Aachen/Schleiden. Ein verurteilter Sexualstraftäter ist erneut rückfällig geworden. Nur drei Monate nach seiner Haftentlassung hatte sich Andreas L. an zwei Kinder sexuell herangemacht. Das Aachener Landgericht verurteilte den 45-Jährigen am Montag zu drei Jahren Haft und verhängte Sicherungsverwahrung über ihn.

Dem mehrfach einschlägig vorbestraften und unter strengen Auflagen des sogenannten landesweiten KURS-Programms freigelassenen Mann war ein absolutes Näherungsverbot gegenüber Kindern auferlegt worden, dass er wieder nicht einhielt. Quasi unter den Augen der Polizei hatte er sich am 12. Juli dem Jungen und dem Mädchen im Alter von acht Jahren beim Spielen am Olefbach in der Nähe von Schleiden im Kreis Euskirchen genähert und begonnen, mit ihnen zu spielen. Der Rückfalltäter hatte seine Vergehen gestanden.

In Schleiden seien die Kinder noch einmal glimpflich davon gekommen, wertete die 5. Große Strafkammer am Aachener Landgericht die zwei Taten, die eher als Vorbereitung für ein weiteres vom Täter geplantes Treffen am nächsten Tag zu werten seien. Andreas L. lockte die Kinder damit, dass er zu Hause Papageien habe, die er ihnen zeigen wollte. Am Bach der Olef hatte L. die Kinder zwar angefasst, sie aber nicht zu sexuellen Handlungen genötigt.

Aus der Vorstrafenliste, führte der Vorsitzende Richter Thomas Birtel aus, gehe allerdings hervor, dass dies bei den begangenen Vortaten sei 1997 anders gewesen sei.
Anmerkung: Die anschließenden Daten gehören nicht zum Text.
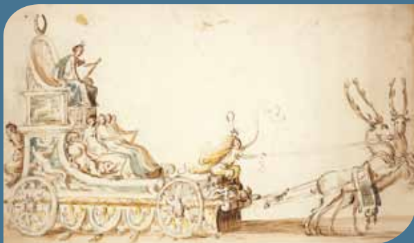
Projet de char pour le carrousel de 1612 (0/1 er /3241, fol. 84a)
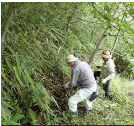
29番区画。スズタケと奮闘。

毎年恒例の合同森づくり大会。梅雨のさなかで天気が心配でしたが、当日は晴天。汗をかきながらの森づくりでした。ボランティアグループは2団体参加。一般のボランティアが5名参加されました。1人のプロよりも、5人の素人。草刈りは人海戦術なので、人数がものを言います。ときおり休憩やおしゃべりを交えながら、草刈りや除伐に精をだされていました。今年度はあと2回、開催予定です。引き続きがんばっていききたいと思います。
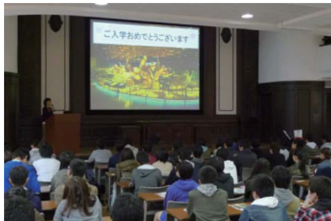
(新入生オリエンテーション)
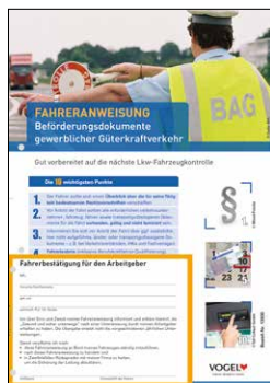
Beförderungsdokumente gewerblicher Güterkraftverkehr Bestell-Nr.: 13930
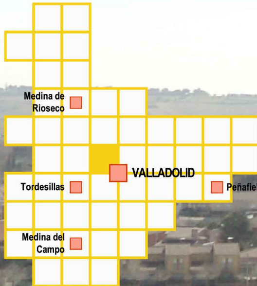
Situación en provincia de Valladolid

Los terrenos objeto del proyecto se localizan en el término municipal de Fuensaldaña (Valladolid).
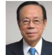
最高顧問 福田康夫 元内閣総理大臣
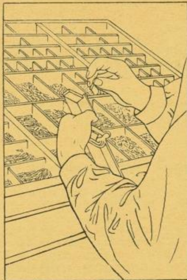
Handhaltung beim Setzen, Schriftkasten, Winkelhaken

hat. Der Winkelhaken faßt 6 bis 10 Zeilen; sobald diese gesetzt sind, werden sie aus dem Winkelhaken auf das „Schiff“ gehoben, einem Rahmen von reichlicher Buchseitengröße mit Blechboden, in welchem die Zeilen zu Seiten, die der Buchdrucker „Kolumnen“ nennt, formiert werden. Vom Setzer aus gelangt der Satz an die Abziehpresse, um für die Hauskorrektur abgezogen zu werden, die alle durch den Setzer veranlaßten Fehler berichtigen soll, damit dem Verfasser ein völlig mit dem Manuskript überein-
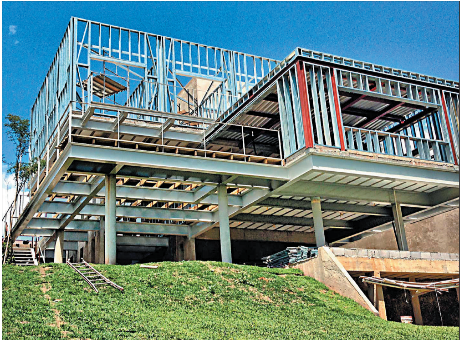
Se trata de un sistema constructivo eficiente, de alta resistencia y durable.

Lo primero a destacar es que se trata de un sistema constructivo en seco, que ofrece una so-
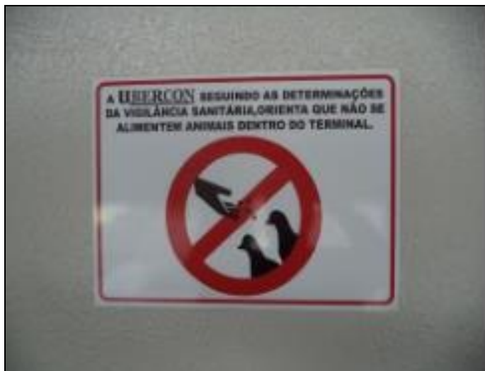
Placa indicativa, proibição de alimentação pombos
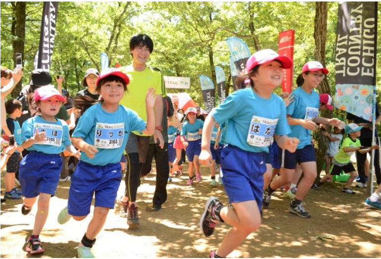
小国小学校の児童も元気いっぱいスタート！
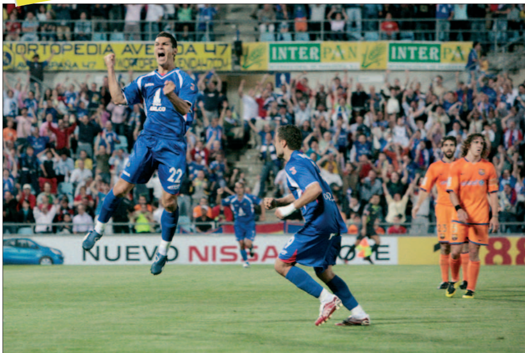
Imagen de la semifinal copera 2006/07 en el Coliseum, que enfrentó al Barça y al Getafe.

Las estadísticas blaugranas contra su bestia negra
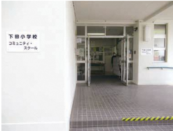
下田小学校コミュニティスクール入口

下田小学校の正門から、まっすぐ校庭に続く通路を歩いていくと、校舎の一角に下田小学校コミュニティスクールの入口が見えます。太極拳、体操、ピラティス、日本舞踊、書道、水彩画、絵手紙、パッチワークや生け花など、運動系、文化系の多種多様なジャンルのサークルが活動しています。今回は、気功太極拳とオカリナサークルの活動取材しました。
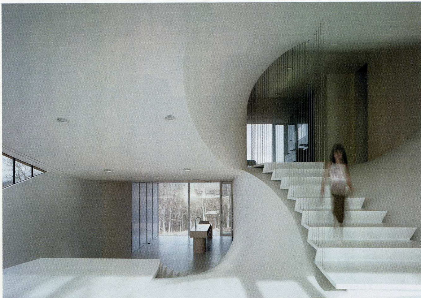
CHRISTIAN RICHTERS/UN STUDIO
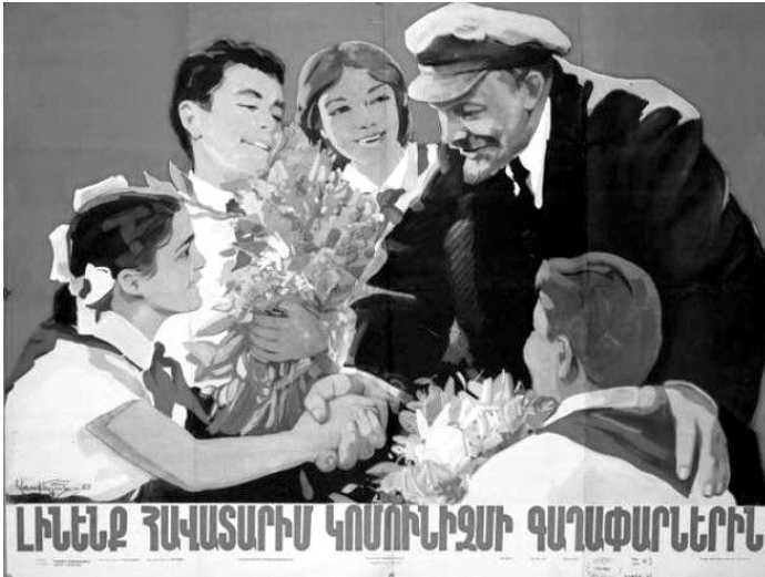
Resim 2: "Çocuklar" Konulu Propaganda Posterleri

"Çocuklar" konulu propaganda posterleri, 1962 yılında Gevork Arakelian tarafından hazırlanmıştır. Sözdizimsel boyutta analiz edildiğinde posterde Lenin'in çocuklar ile iç içe olduğu görülmektedir. Çocukların üzerinde okul üniformalarının olduğu ve Lenin'e çiçek sundukları yansıtılmaktadır. Posterde hem Lenin'in hem de çocukların gülümsediği, Lenin'in bir eliyle çocuklardan birinin elini sıkıdığı, diğer eliyle de çocuklardan birinin omzuna dokunduğu aktarılmaktadır. Posterin fonunun çalışma kapsamında incelenen ilk posterde olduğu kırmızı olduğu görülmektedir. Posterin altında Komünizm'in fikirlerine sadık kalalım (Լիեննի հավատարիմ կունունիզմի գաղափարներին) yazısına yer verilmektedir.
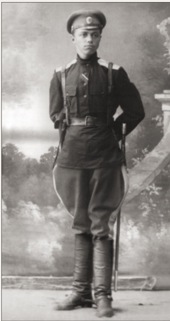
Неизвестный оренбургский казачий офицер с «Лентой Отличия» Оренбургского казачьего войска. 1918 г.

23 декабря красногвардейцы перешли в наступление, передвигаясь в эшелонах. Дутов активных действий не предпринимал. Красные доехали таким образом до станции Платовка, однако продвинуться дальше могли только с боями. Первый бой с применением артиллерии произошёл у станции Сырт. Красные заняли Сырт и 15-й разъезд. Далее на перегоне между Каргалой и Переволоцком были подпилены телеграфные
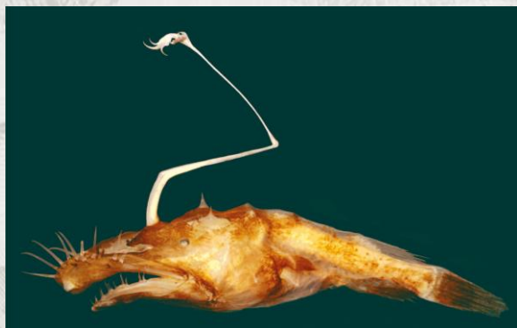
Рисунок 1. Новый вид рыбы в Мексиканском заливе

Ученые обнаружили новый вид рыбы в Мексиканском заливе на глубине около 1-1,5 км. Новый вид был назван Lasiognathus dinema . Особи оказались очень маленькими – от 3 до 9,5 см. в длину. Рыбу отнесли к разновидности морского чёрта. В настоящий момент образцы переданы в ихтиологическую коллекцию университета Вашингтона, которая является крупнейшей в мире коллекцией разновидностей глубоководного морского чёрта.
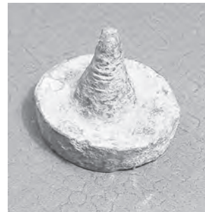
Мал. 8–9. Печатка Чернігівської дирекції училищ
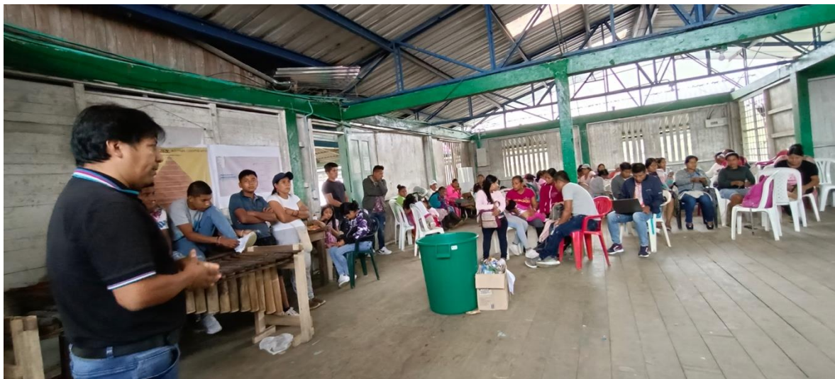
FOTOGRAFIA Predio El Verde municipio de Barbaocoas, 8 de octubre 2022

A pesar de ser los Awá un grupo indígena comparativamente numeroso- alrededor de 22.000 personas-, su proceso histórico de resistencia se ha caracterizado por la dispersión de sus comunidades en territorios selváticos de difícil acceso y la invisibilización su cultura como mecanismo de protección. Es solo a partir de los años ochenta que se inicia un proceso de movilización y organización, que se concreta en la década de los noventa, con la “Asociación de autoridades tradicionales del pueblo indígena Awá- UNIPA- Unidad Indígena del pueblo Awá”, que surge como respuesta a los cada vez más frecuentes casos de abusos sobre los territorios ancestrales ejercidos por las nacientes y expansivas empresas palmicultores y camaroneras en el municipio de Tumaco. Es con este proceso organizativo que plantean cuatro pilares fundamentales que rigen la vida organizativa: “UNIDAD, TERRITORIO, CULTURA Y AUTONOMÍA”.
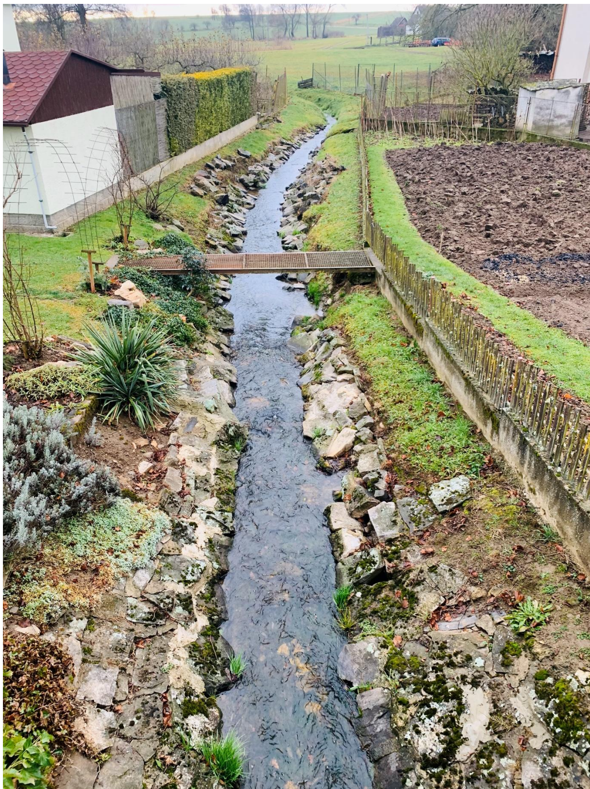
Obr. Celkový pohled na lokalitu – pohled z propustku po proudu
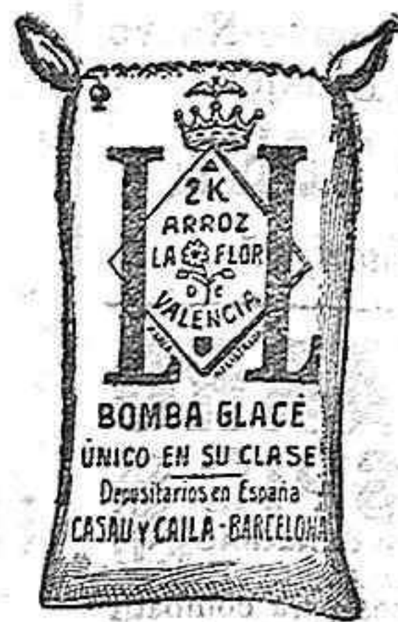
Arroz Glacé (2 Kilos)
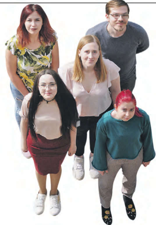
Корреспонденты «ВМ» ДАРЬЯ ПИОТРОВСКАЯ, АЛЕКСАНДР КУДРЯВЦЕВ, ИРИНА КОВГАН, ВЕРОНИКА УШАКОВА, ЮЛИЯ ПАНОВА
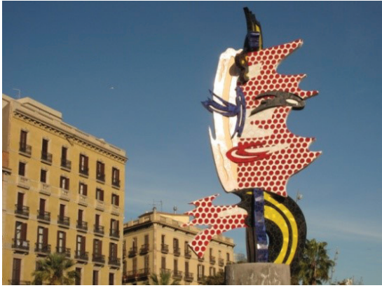
Resim 3: Roy Lichtenstein, 'El Cap de Barcelona'

"Yeni caddeler, kırsallarla, işçi mahalleleri arasında ki en kısa yolu oluşturacaktır"(Benjamin, 2017: 102).

Dabei habe der Angeklagte die Kinder, die immer zwischen acht und zehn Jahren alt gewesen waren, schwer sexuell missbraucht.

So habe das Gericht bei der schweren Entscheidungen, einen Täter in Sicherungsverwahrung zu nehmen, den Schutz der Kinder in den Vordergrund gestellt. Andreas L. habe bei der letzten Tat eine „hohe Rückfallgeschwindigkeit“ an den Tag gelegt, stellte die Kammer fest. Therapien hätten bei ihm nicht gefruchtet. So seien nur drei Monate nach seiner Freilassung verstrichen, bevor er wieder rückfällig wurde.